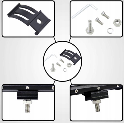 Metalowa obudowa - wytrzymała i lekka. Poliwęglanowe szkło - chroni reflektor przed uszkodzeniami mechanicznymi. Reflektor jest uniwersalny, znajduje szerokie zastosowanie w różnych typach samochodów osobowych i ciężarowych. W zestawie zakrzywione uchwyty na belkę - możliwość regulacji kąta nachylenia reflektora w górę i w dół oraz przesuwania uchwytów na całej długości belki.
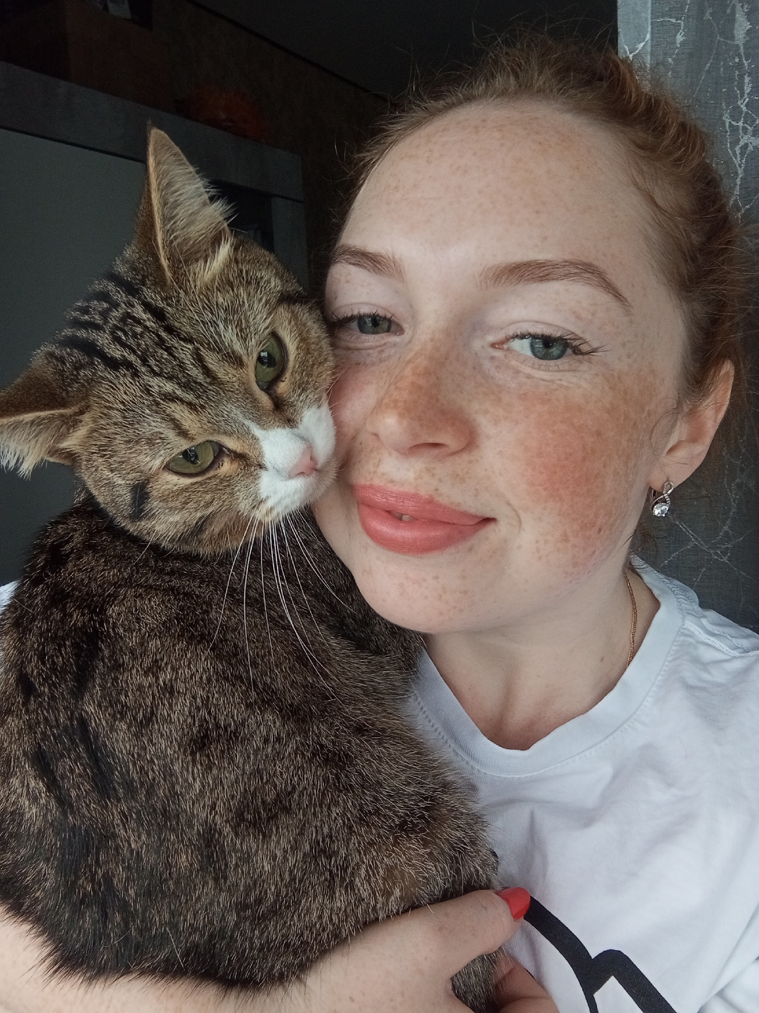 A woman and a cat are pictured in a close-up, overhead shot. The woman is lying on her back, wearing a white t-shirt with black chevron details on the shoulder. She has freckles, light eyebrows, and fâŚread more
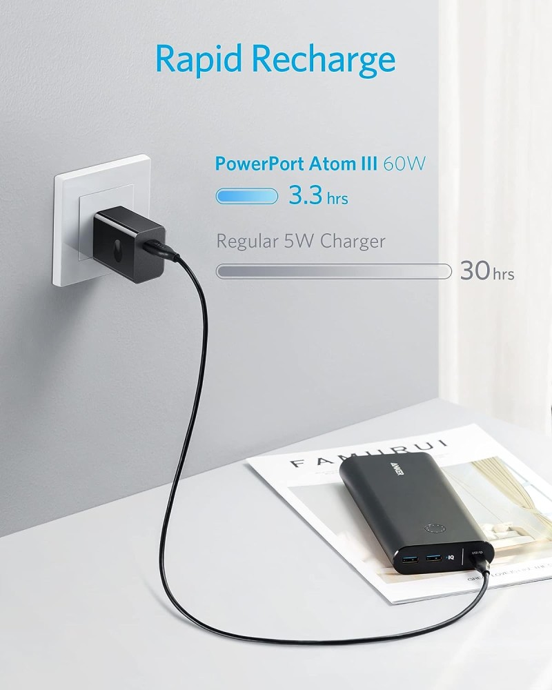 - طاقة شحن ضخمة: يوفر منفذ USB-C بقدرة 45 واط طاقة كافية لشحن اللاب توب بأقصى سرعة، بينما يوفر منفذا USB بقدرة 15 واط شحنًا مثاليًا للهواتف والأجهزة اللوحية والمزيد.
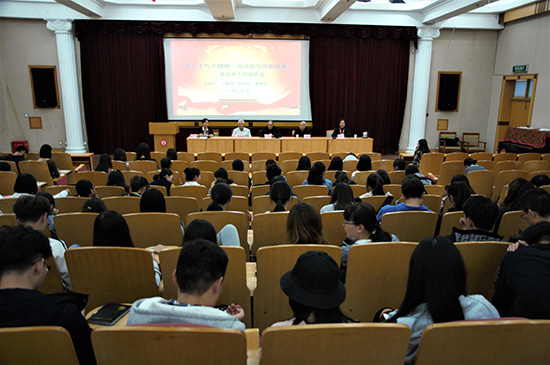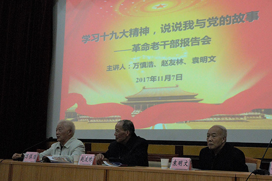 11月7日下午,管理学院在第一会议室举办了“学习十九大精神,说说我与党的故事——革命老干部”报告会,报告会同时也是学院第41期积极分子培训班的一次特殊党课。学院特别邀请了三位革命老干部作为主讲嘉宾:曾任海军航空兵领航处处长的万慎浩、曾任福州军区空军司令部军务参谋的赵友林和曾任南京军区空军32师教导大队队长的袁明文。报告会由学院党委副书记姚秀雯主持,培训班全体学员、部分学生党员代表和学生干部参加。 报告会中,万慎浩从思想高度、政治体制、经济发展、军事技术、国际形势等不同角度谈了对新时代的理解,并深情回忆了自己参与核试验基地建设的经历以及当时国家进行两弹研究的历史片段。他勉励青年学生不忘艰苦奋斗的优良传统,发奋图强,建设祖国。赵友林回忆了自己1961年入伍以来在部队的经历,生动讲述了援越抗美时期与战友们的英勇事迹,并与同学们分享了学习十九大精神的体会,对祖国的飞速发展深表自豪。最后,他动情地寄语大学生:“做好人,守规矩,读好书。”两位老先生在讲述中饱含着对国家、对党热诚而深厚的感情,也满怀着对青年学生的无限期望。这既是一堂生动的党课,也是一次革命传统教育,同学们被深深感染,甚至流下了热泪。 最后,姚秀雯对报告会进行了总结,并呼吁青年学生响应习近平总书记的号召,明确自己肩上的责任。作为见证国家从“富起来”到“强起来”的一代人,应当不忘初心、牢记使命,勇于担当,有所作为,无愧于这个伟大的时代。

....

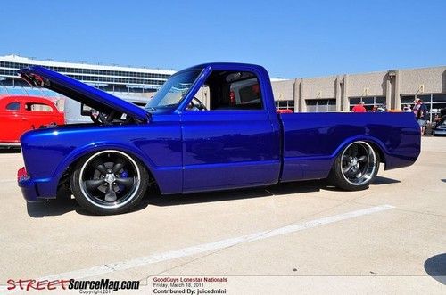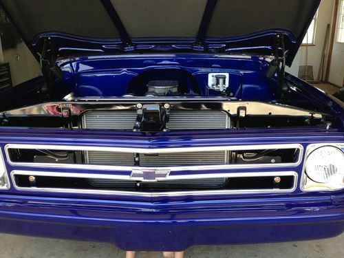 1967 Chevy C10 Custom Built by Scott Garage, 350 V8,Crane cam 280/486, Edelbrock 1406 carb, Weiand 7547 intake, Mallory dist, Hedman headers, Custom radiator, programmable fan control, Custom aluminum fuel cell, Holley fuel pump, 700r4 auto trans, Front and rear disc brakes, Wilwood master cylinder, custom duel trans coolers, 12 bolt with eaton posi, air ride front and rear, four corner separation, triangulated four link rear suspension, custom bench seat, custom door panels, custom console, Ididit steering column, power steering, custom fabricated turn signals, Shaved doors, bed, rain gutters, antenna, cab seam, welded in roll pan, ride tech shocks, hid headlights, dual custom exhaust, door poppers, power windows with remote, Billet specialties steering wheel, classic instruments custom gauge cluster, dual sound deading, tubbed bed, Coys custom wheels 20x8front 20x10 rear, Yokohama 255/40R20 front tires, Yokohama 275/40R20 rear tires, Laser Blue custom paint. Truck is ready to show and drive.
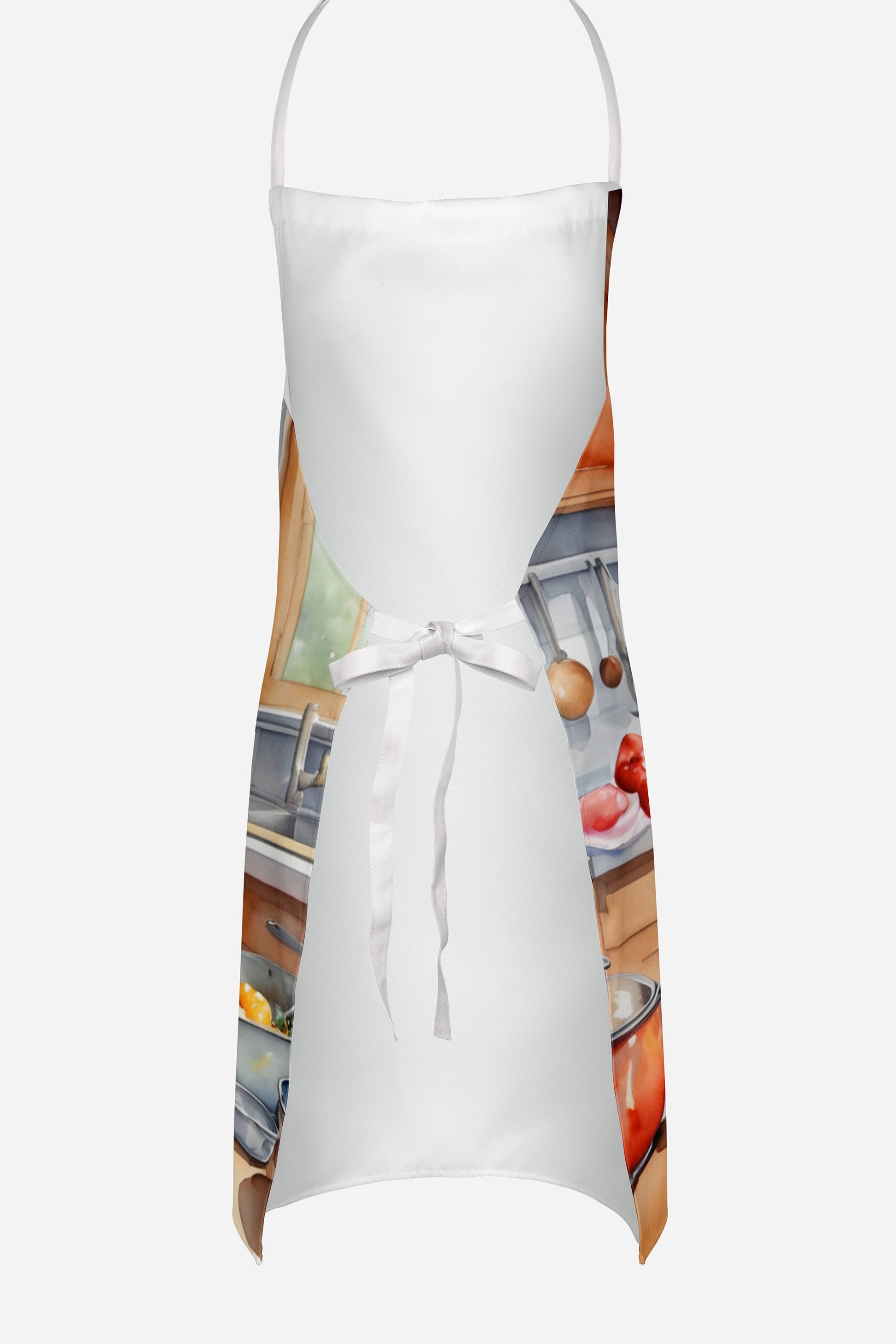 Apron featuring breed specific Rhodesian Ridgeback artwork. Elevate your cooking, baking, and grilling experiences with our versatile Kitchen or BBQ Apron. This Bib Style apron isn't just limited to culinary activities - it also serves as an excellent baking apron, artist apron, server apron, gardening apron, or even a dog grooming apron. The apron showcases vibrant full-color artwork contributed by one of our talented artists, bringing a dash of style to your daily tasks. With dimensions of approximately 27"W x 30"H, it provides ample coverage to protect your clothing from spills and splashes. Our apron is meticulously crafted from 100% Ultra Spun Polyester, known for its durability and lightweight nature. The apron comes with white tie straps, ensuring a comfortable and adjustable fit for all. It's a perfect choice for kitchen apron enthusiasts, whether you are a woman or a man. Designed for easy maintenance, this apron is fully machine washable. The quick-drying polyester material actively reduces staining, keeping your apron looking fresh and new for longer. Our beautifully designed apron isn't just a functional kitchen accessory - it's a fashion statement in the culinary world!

....

**Problem requirements**
The answer is the lines above from the one with "A woman and" to the one with "- طاقة شحن ضخمة: يوفر", set down exactly, with no pictures.

**Solution for this problem**
 A woman and a cat are pictured in a close-up, overhead shot. The woman is lying on her back, wearing a white t-shirt with black chevron details on the shoulder. She has freckles, light eyebrows, and fâŚread more
 - طاقة شحن ضخمة: يوفر منفذ USB-C بقدرة 45 واط طاقة كافية لشحن اللاب توب بأقصى سرعة، بينما يوفر منفذا USB بقدرة 15 واط شحنًا مثاليًا للهواتف والأجهزة اللوحية والمزيد.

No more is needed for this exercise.